TASK TO CARRY OUT :: With the pictures omitted, transcribe each line below exactly as it is.

==== RECORDED DATA

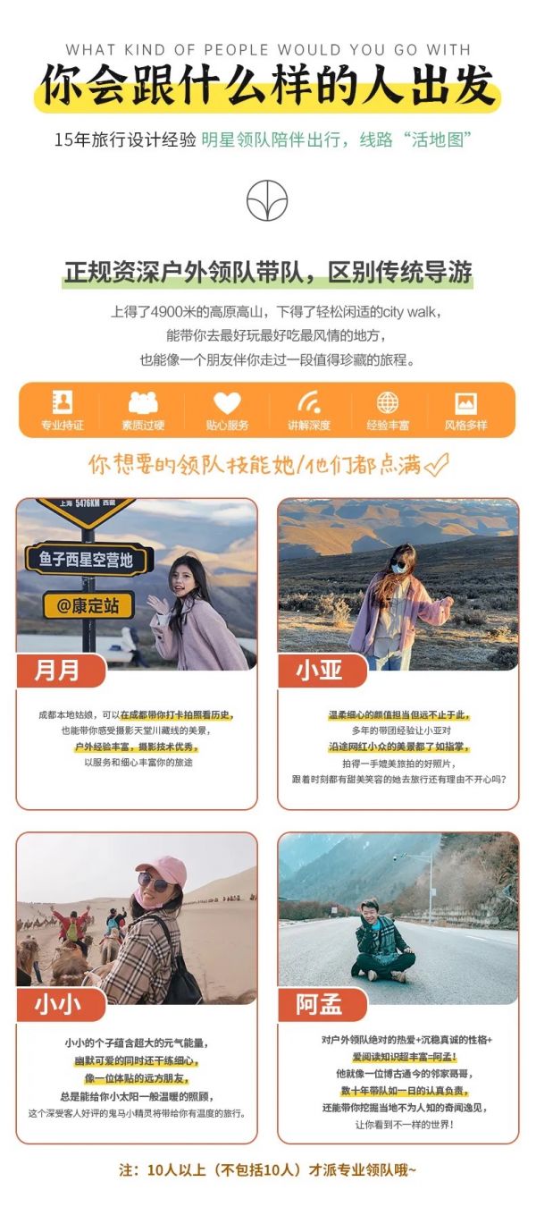 服務(wù):優(yōu)秀領(lǐng)隊服務(wù)(2-10人司機兼向?qū)В?1人及以上配專職領(lǐng)隊,已含領(lǐng)隊食宿門票);
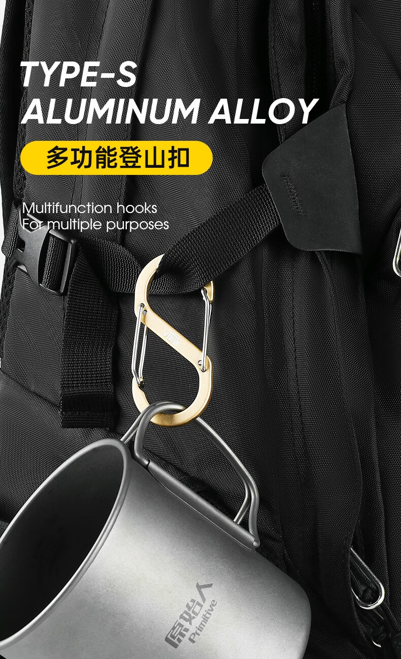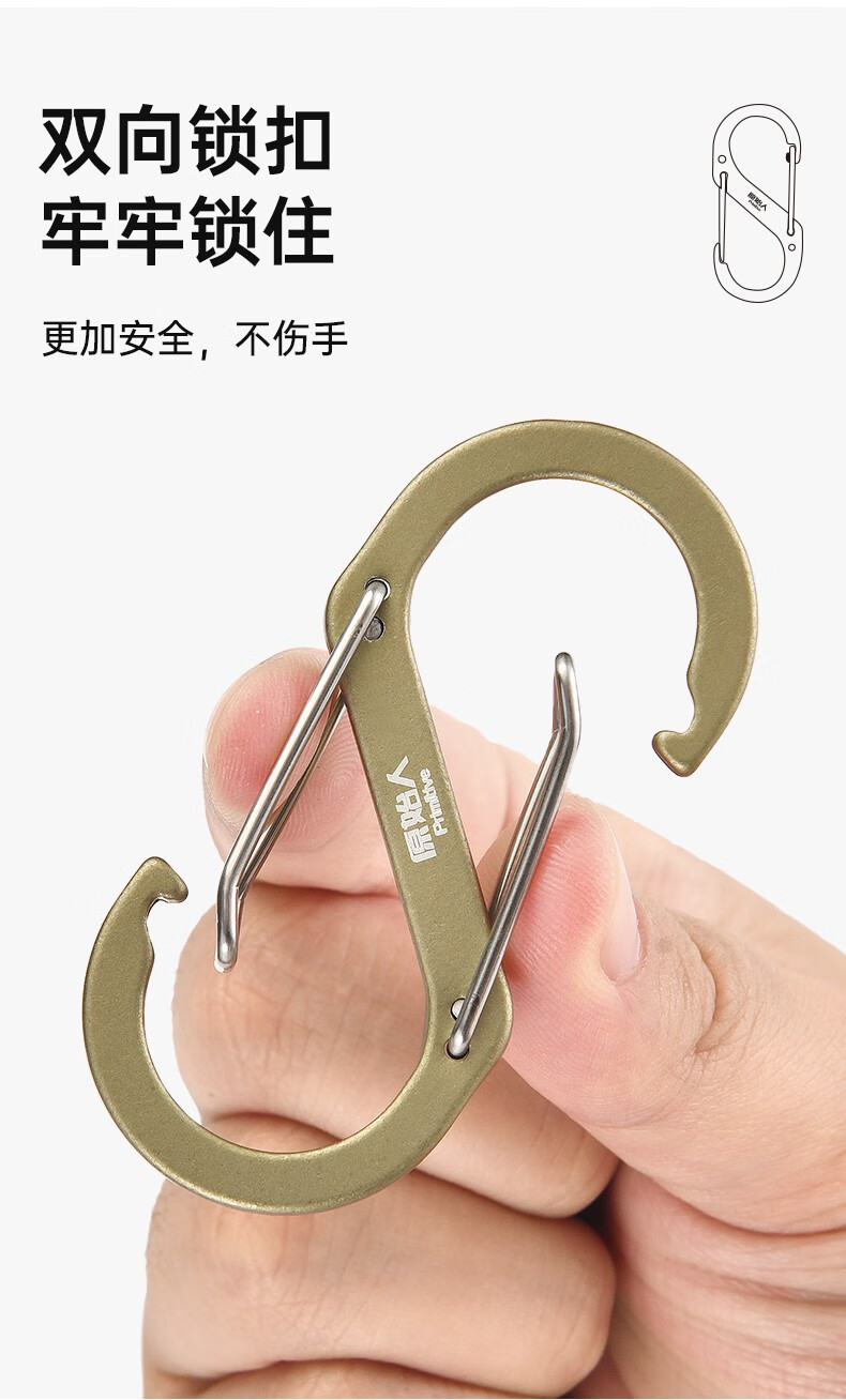 原始人户外登山扣S型安全扣挂钩钥匙挂扣多功能铝合金爬山8字挂扣 S型黑色【两只装】
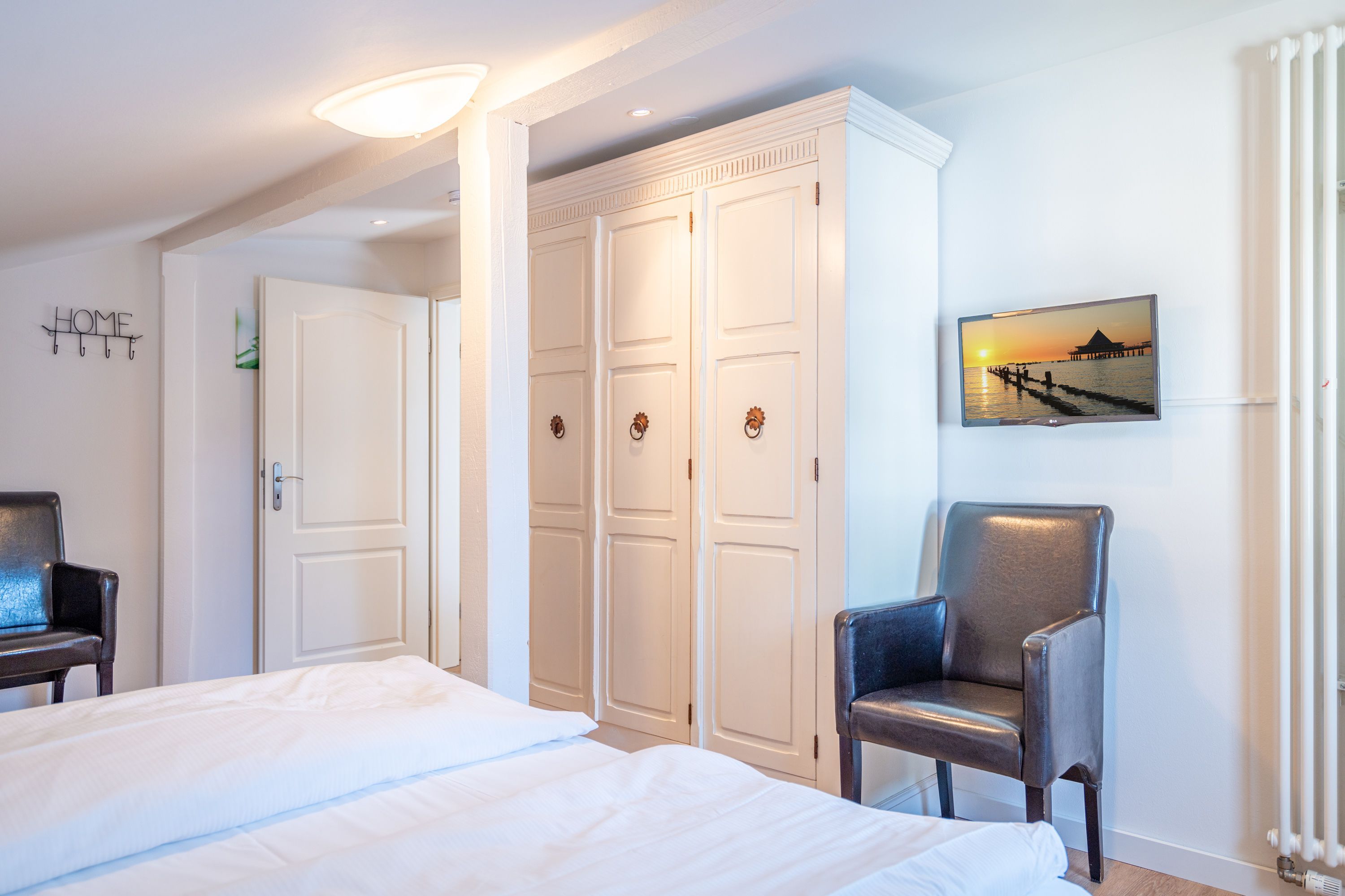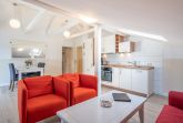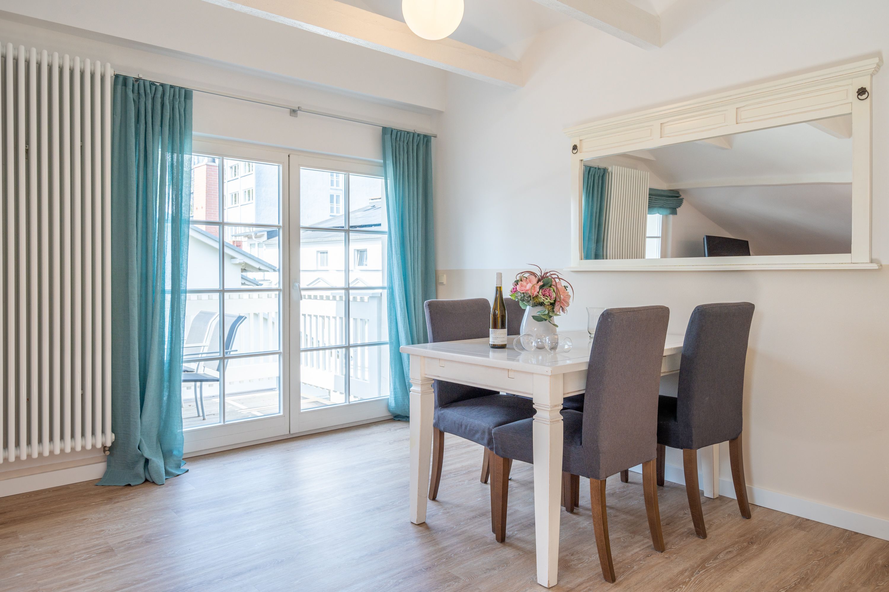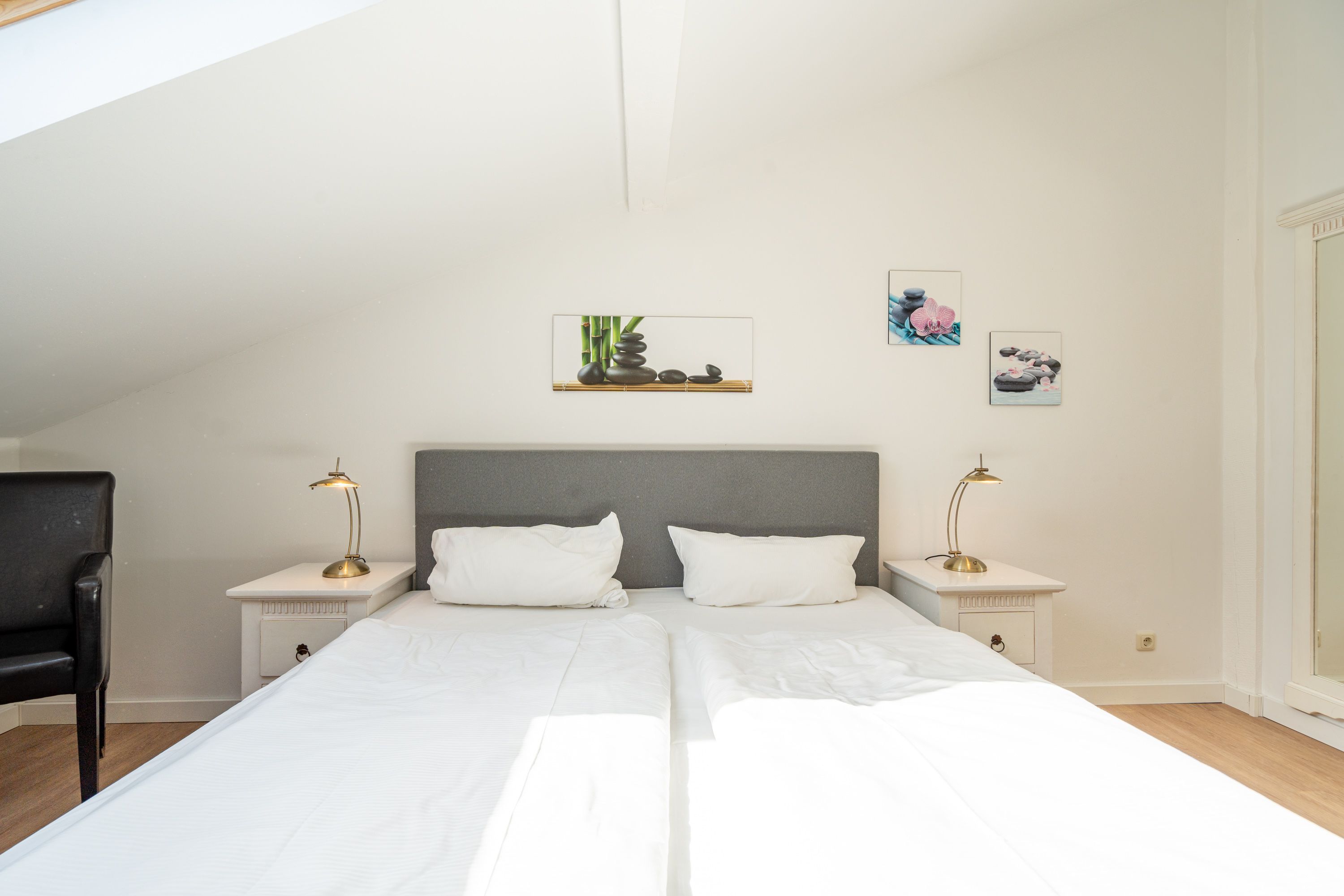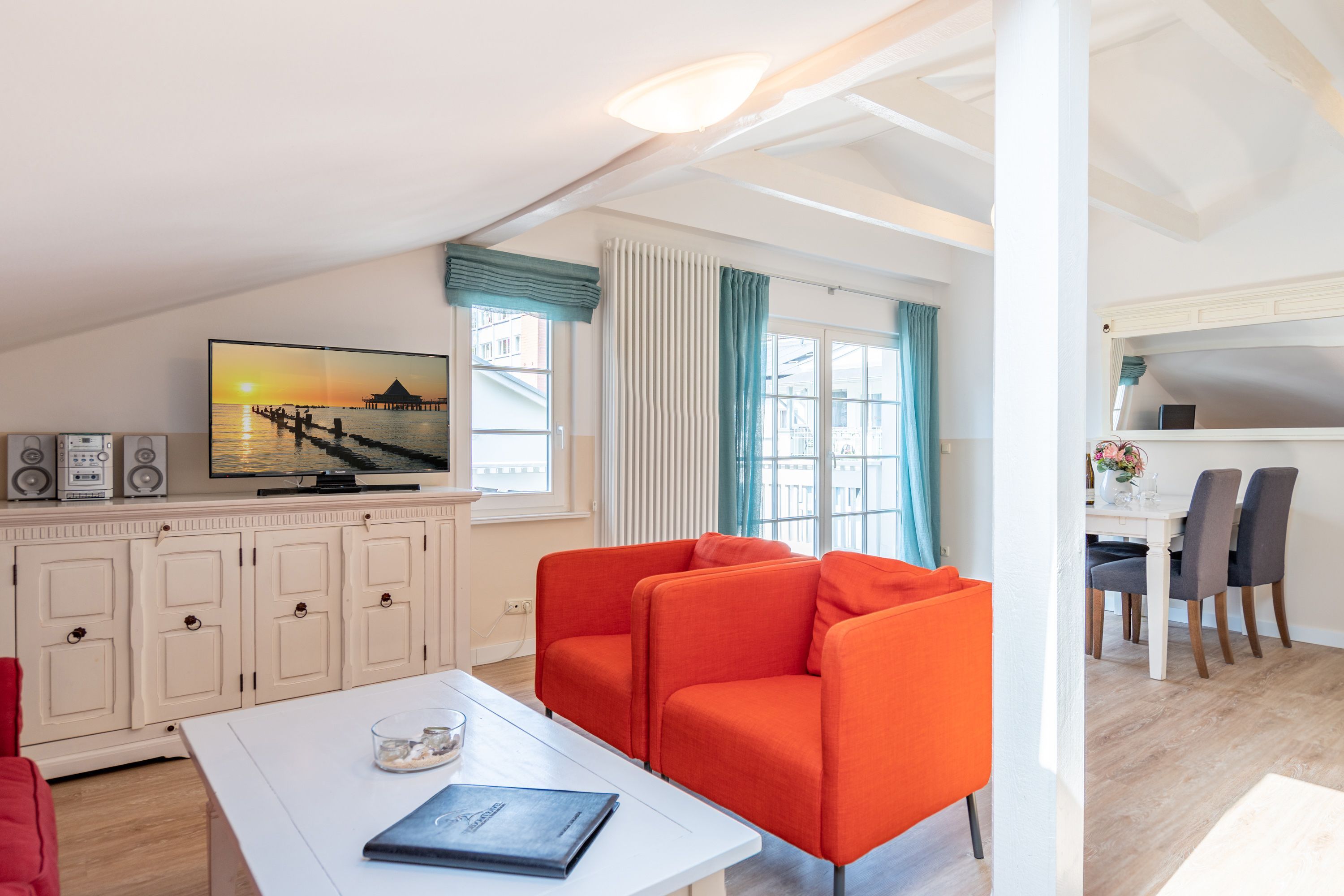 Mit 78 m² bietet diese Dachgeschosswohnung reichlich Platz für einen entspannten Urlaub mit Familie oder Freunden. Zwei Schlafzimmer mit Doppelbetten garantieren erholsame Nächte. Im Wohnbereich mit Sitzgruppe, TV, Küchenzeile und Essplatz lässt es sich gemütlich verweilen. Der 6 m² große Westbalkon lädt dazu ein, den Abend bei Sonnenuntergang ausklingen zu lassen. Bad mit Dusche und WC sowie ein Pkw-Stellplatz am Haus runden das Angebot ab.
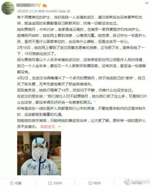 近日,一篇「民營單位護士援助武漢後無掌聲和優待」的網文熱傳,文章稱「連雲港護士賈曉月獨自馳援武漢40餘天,但未獲得任何掌聲與優待,連返程車票都是自己買的」,迅速引發熱議。

========

TASK OUTPUT ::
 服務(wù):優(yōu)秀領(lǐng)隊服務(wù)(2-10人司機兼向?qū)В?1人及以上配專職領(lǐng)隊,已含領(lǐng)隊食宿門票);
 原始人户外登山扣S型安全扣挂钩钥匙挂扣多功能铝合金爬山8字挂扣 S型黑色【两只装】
 Mit 78 m² bietet diese Dachgeschosswohnung reichlich Platz für einen entspannten Urlaub mit Familie oder Freunden. Zwei Schlafzimmer mit Doppelbetten garantieren erholsame Nächte. Im Wohnbereich mit Sitzgruppe, TV, Küchenzeile und Essplatz lässt es sich gemütlich verweilen. Der 6 m² große Westbalkon lädt dazu ein, den Abend bei Sonnenuntergang ausklingen zu lassen. Bad mit Dusche und WC sowie ein Pkw-Stellplatz am Haus runden das Angebot ab.
 近日,一篇「民營單位護士援助武漢後無掌聲和優待」的網文熱傳,文章稱「連雲港護士賈曉月獨自馳援武漢40餘天,但未獲得任何掌聲與優待,連返程車票都是自己買的」,迅速引發熱議。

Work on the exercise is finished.